Лакеи – гончие долго шли по следу, а когда тот прервался, стали принюхиваться, и уже по запаху по обшибке вышли на барона Оппенгеймера, что как раз в тот момент горький, наплясавшись мазурки, сел отдышаться на диванчик, что у столика игрального располагался

-Ну, хоть какое развлечение! – заметил Ржевский глядя вместе с Безуховым, как лакеи бьют, а затем и выносят на воздух свежий тело барона сапогами вперед.

-Прав ты, друже Ржевский! – согласился Пьер и снова украдкой зевнул. – Поскудился граф наш Ростов на угощение да на затейства разные... ни маскараду, ни попойки... а ведь как раньше то до войны было!

-Да! – Ржевский мечтательно закатил глаза. – Как вспомнишь... осетров одних... и вдовушек!!!

-Осетров и вдов и сейчас найти можно... пару – тройку вон доедают за фуршетным столом. А вот остальное... хорошо хоть медвежатина удалась!

-Согласен. Спору нет – медвежатинка знатная... с чего бы это? Отродясь такой косолапой дичи не пробовал.

Безухов, прочистив платком стекла очков, поглядел как пары дам и кавалеров нудно и монотонно сходятся, да расходятся посередь зала... ответил не спеша и рассудительно.

-Так это ж войны отголоски... наследие, так сказать. Эхо войны одним словом!

-Как это?

Ну... вот охотники сказывали... жалуются - на комаров у них большая обида...

-С чего это?

-Так лягух да жаб на болотах совсем ж не осталось.
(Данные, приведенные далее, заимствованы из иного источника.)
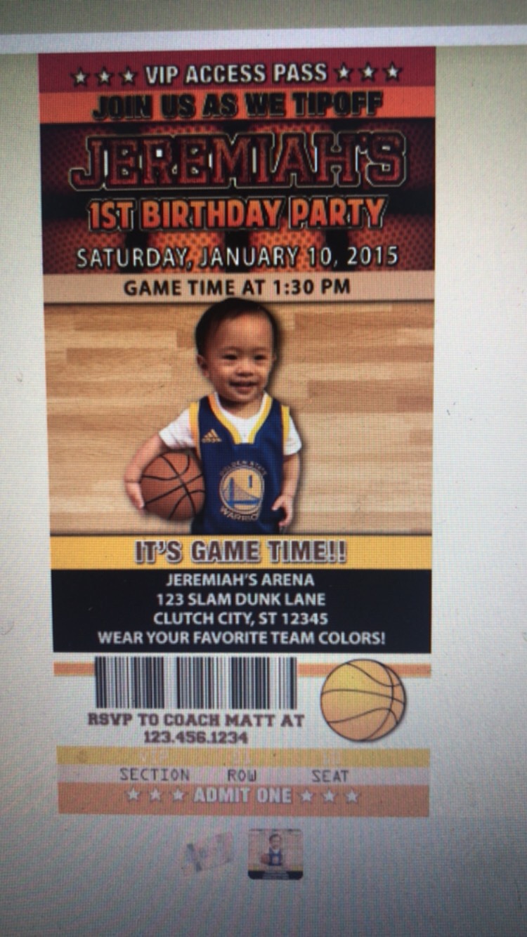 My wife and I need an Invite that looks like a Basketball Game Ticket. I will upload some examples which are our inspiration. Would like Eli Photoshopped on Steph Curry on Golden State Game Ticket. Maybe use the "The Finals" Ticket that I uploaded as the Template. Replace with "The First Birthday" Alternative Design is the same concept with a Saints Ticket. Big saints fans! May even purchase both designs if given the chance. Party Date - 7/1/18 Location - Summerlake Clubhouse Winter Garden, FL (8067 Pond Apple Dr, Winter Garden, FL 34787)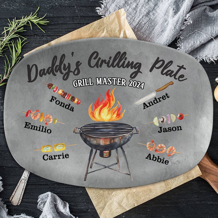 Personalised Daddy's Grilling Plate with Kids Names Custom BBQ Platter Unique Father's Day Gift Ideas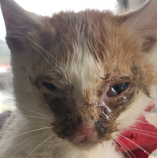 구조 당시에는 대부분 쓰러져 있거나 큰 소리로 울고 있는 고양이를 찾으면 위 사진과 같이 눈에 염증이 있어서 기력이 소진된 채 쓰러져 있거나 큰 소리로 빽빽 울고 있는데요 그중 상당수는 눈에 눈곱이 많이 끼고 고름이 가득 차서 눈동자가 보이지 않을 정도로 눈꺼풀이 붙어 있는 경우가 대부분이었어요.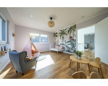 Die STREIF-Passiv-Haus-Wände, eine effiziente Heiztechnik mit integrierter Wohnraumlüftung und Wärmerückgewinnung garantieren einen geringen Energieverbrauch und ein fantastisches Raumklima, das insbesondere Allergiker aufatmen lässt.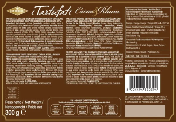 Tartufati cacao e rhum in confezione regalo in legno cernierata.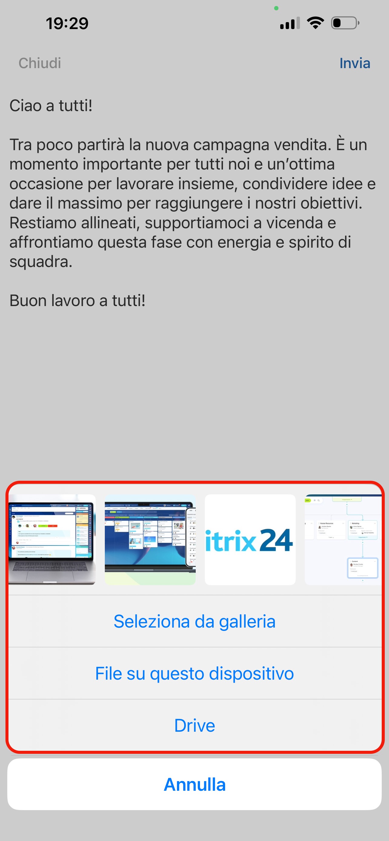 Puoi selezionare file dal telefono oppure dal Drive di Bitrix24.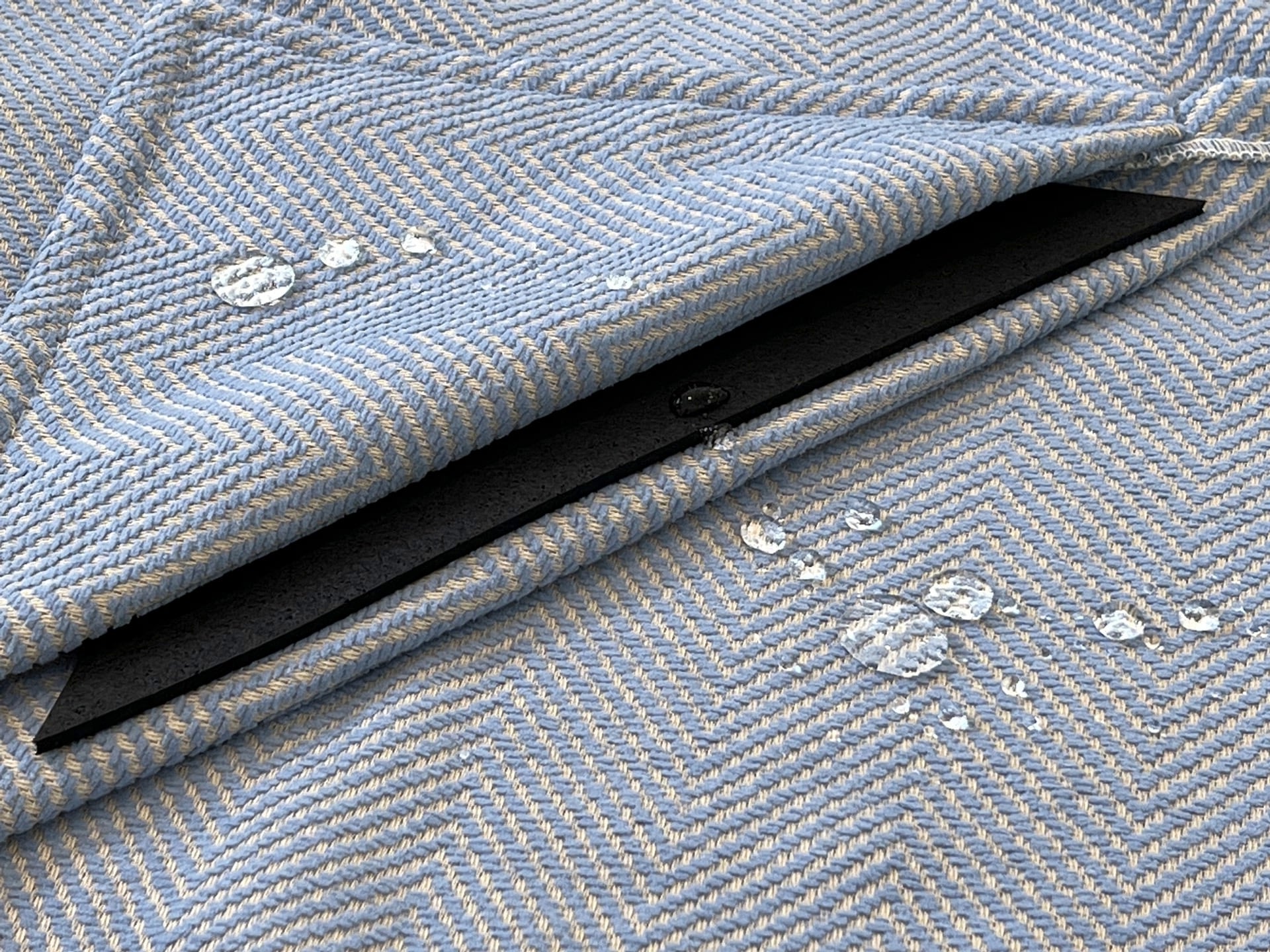 Note that LiLLE products are made from a breathable soft material and are not waterproof. They may soak through during a steady downpour or in heavy rain. If the forecast is for heavy rain please bring your throws, blankets, cushions and outdoor pillows inside.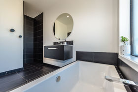 The master constitutes a private sanctuary in a semi-separate wing well away from primary living spaces with the touch of luxury of his/her vanities and a large shower executed in stylish black ceramics.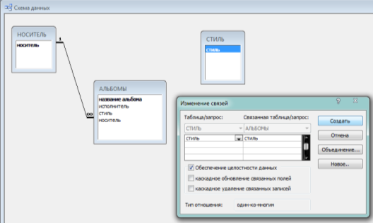 Создаю связь между таблицами стиль и альбомы. Выделяю строку стиль в таблице стиль и соединяю ее со строкой стиль в таблице альбомы. Появляется окошко изменение связей, ставлю флажок на обеспечение целостности данных и нажимаю создать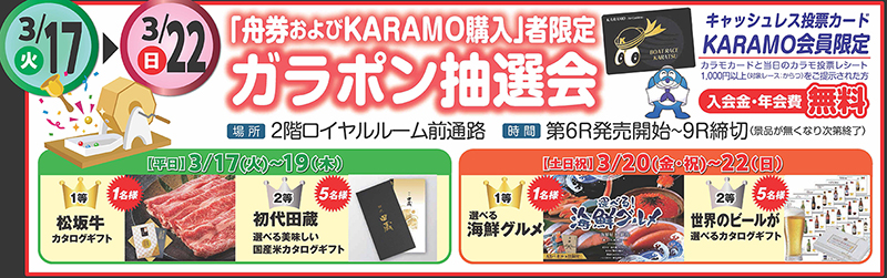【KARAMOカード利用者限定】末永和也選手SG初優勝記念クオカード(オリジナル台紙付き)が当たる!ガラポン抽選会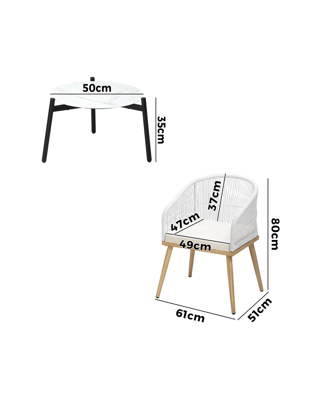 Livsip 3 Piece Outdoor Patio Setting Bistro Set Lounge Furniture Sets 50cm Table - Multi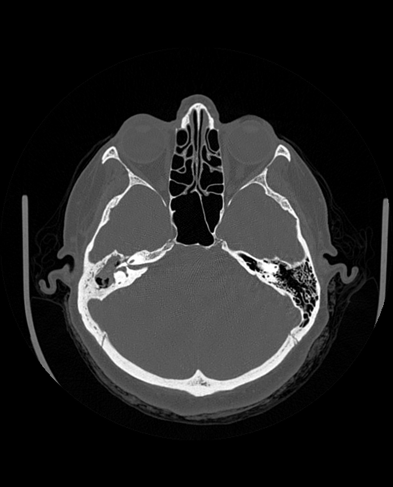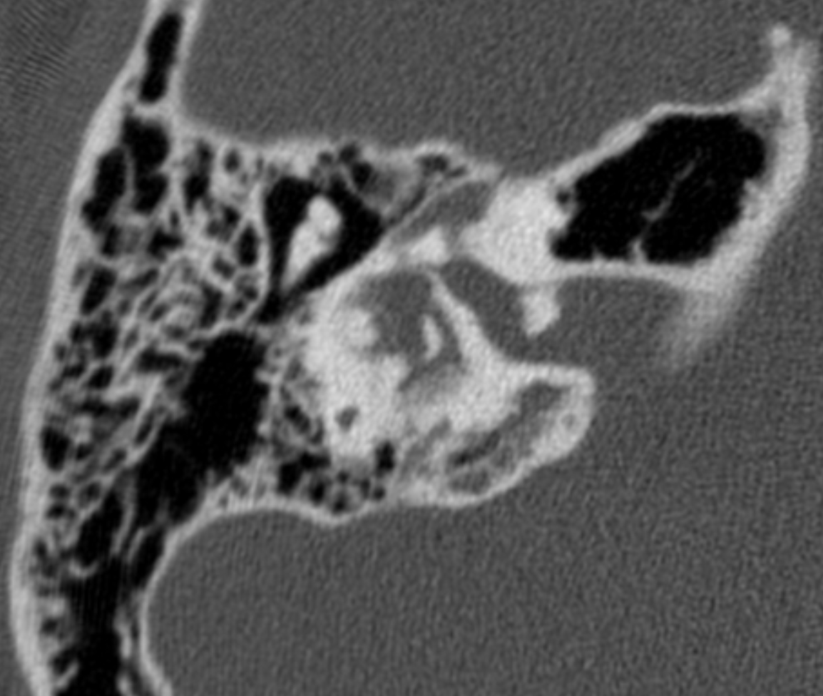 The labyrinth is abnormal with the cochlear absent (cochlear aplasia). The vestibule, semicircular canals and ossicles are present.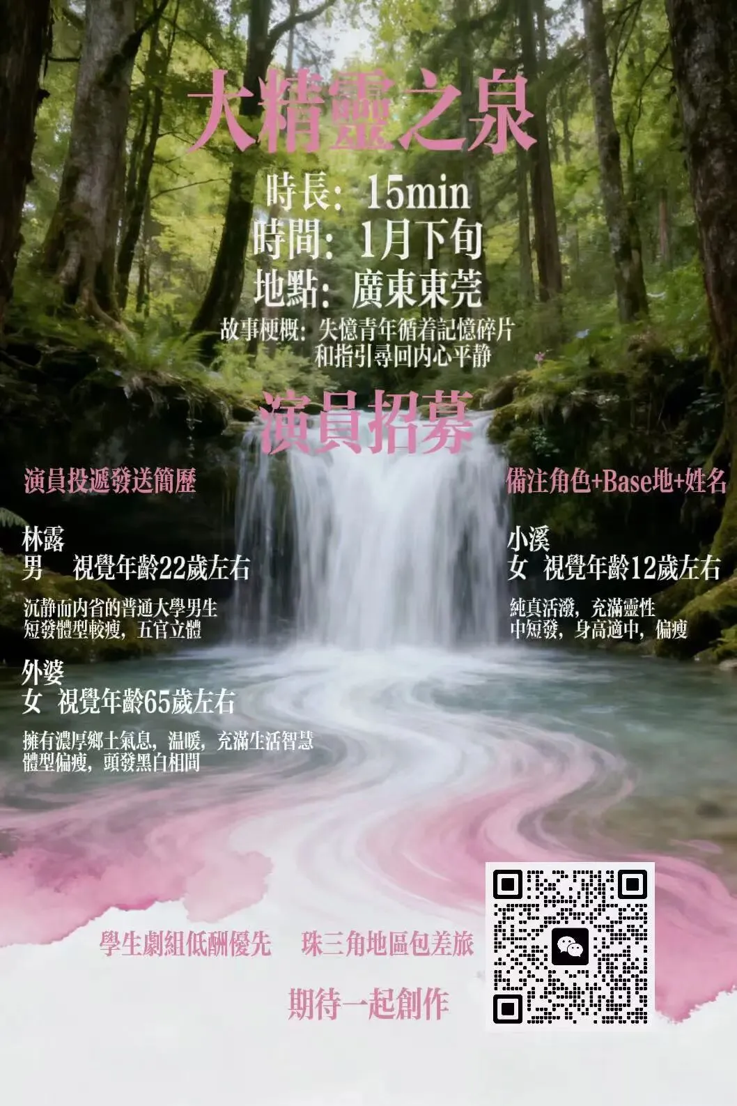 【1月下旬 东莞】学生剧组《大精灵之泉》招募演员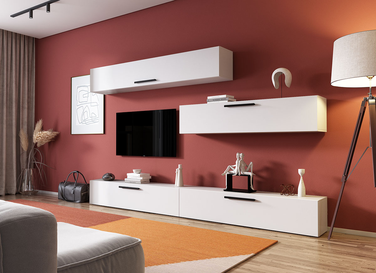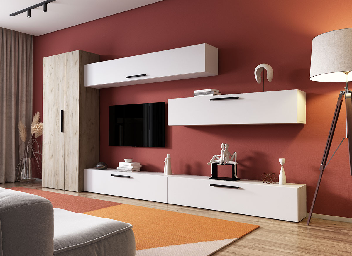 Living Pati 024 – Mobila Sufragerie Alba Living Pati 024 – Mobila Sufragerie Alba face parte dintr-o categorie de mobilier modern, contemporan ce imbina designul cu utilitatea. Familia de living Pati are 4 decoruri: stejar, alb, gri si beton . Am realizat peste 100 de configuratii din care puteti alege cu dimensiuni si stiluri diferite. Dulapul de haine este optional si puteti alege unul sau mai multe bucati. Livrare gratuita si rapida, 4-10 zile lucratoare prin flota proprie Suntem producatori de mobilier, fara intermediari Toate piesele de mobilier au o garantie de 2 ani Corpurile sunt construite din PAL melaminat de 16mm. Cantul aplicat este de 0,6 ce le permite muchiilor sa fie placute la atingere . Atentie! Elementele de prindere de tipul dibluri, surub sau horsurub nu sunt incluse deoarce tipul de prindere difera in functie de tipul peretelui pe care urmeaza a se monta mobilierul (beton, caramida, BCA, rigips, lemn etc). Video de prezentare familie Videoclipul de prezentare poate contine alte nuante, mai multe sau mai putine corpuri de mobilier in comparatie cu produsul de pe aceasta pagina. Scopul acestui video este de a detalia aspectul materialelor, accesoriilor cat si a familiei din care face parte. Dimensiuni Living Pati 024 – Mobila Sufragerie Alba Imaginea alaturata prezinta compartimentarea pentru mobila de sufragerie Pati. Aceasta configuratie contine urmatoarele corpuri: 3 x Corp 1380: L 138 x A 26.7 x H 29 cm 1 x Corp 1850: L 185 x A 26.7 x H 29 cm Optional dulap: L 79.8 x A 35 x H 185 cm Dimensiuni totale living Pati Fara dulap: L 276 x A 26.7 x H 175 cm Cu un dulap: L 355.8 x A 35 x H 185 cm Spatiul de TV: diagonala maxima 139 cm. Toate corpurile se pot pune pe stanga sau pe dreapta in functie de cum doriti. Nu este obligatoriu pozitionarea ca in prezentare. Ele nu sunt prinse unul de celalalt, sunt independente. SCHITA MONTAJ corp 1380 comoda / inferior SCHITA MONTAJ CORP 1850 SUSPENDAT SCHITA MONTAJ dulap 2U Pati Pretul afisat nu include alte accesorii sau obiecte de decor (TV, tablouri, elemente de iluminat, covor etc.) Dimensiunile sunt exprimate in cm si pot oscila intre ± 10 mm. Produsul se livreaza demontat si este insotit de accesorii si instructiuni de asamblare.

Вот комары и...

-А куда ж они? Я ж помню...были... квакуши.

-Так это французишки, какие от Буонапарта своего отбились, да от плена спаслись... стали малиной – земляникой с голоду питаться, а потом, как малина кончилась, так за старое принялись – лягух сжирать по обычаю своему европейскому... вот отсюда и комариная рать без квакунов этих духом воспряла да размножилась.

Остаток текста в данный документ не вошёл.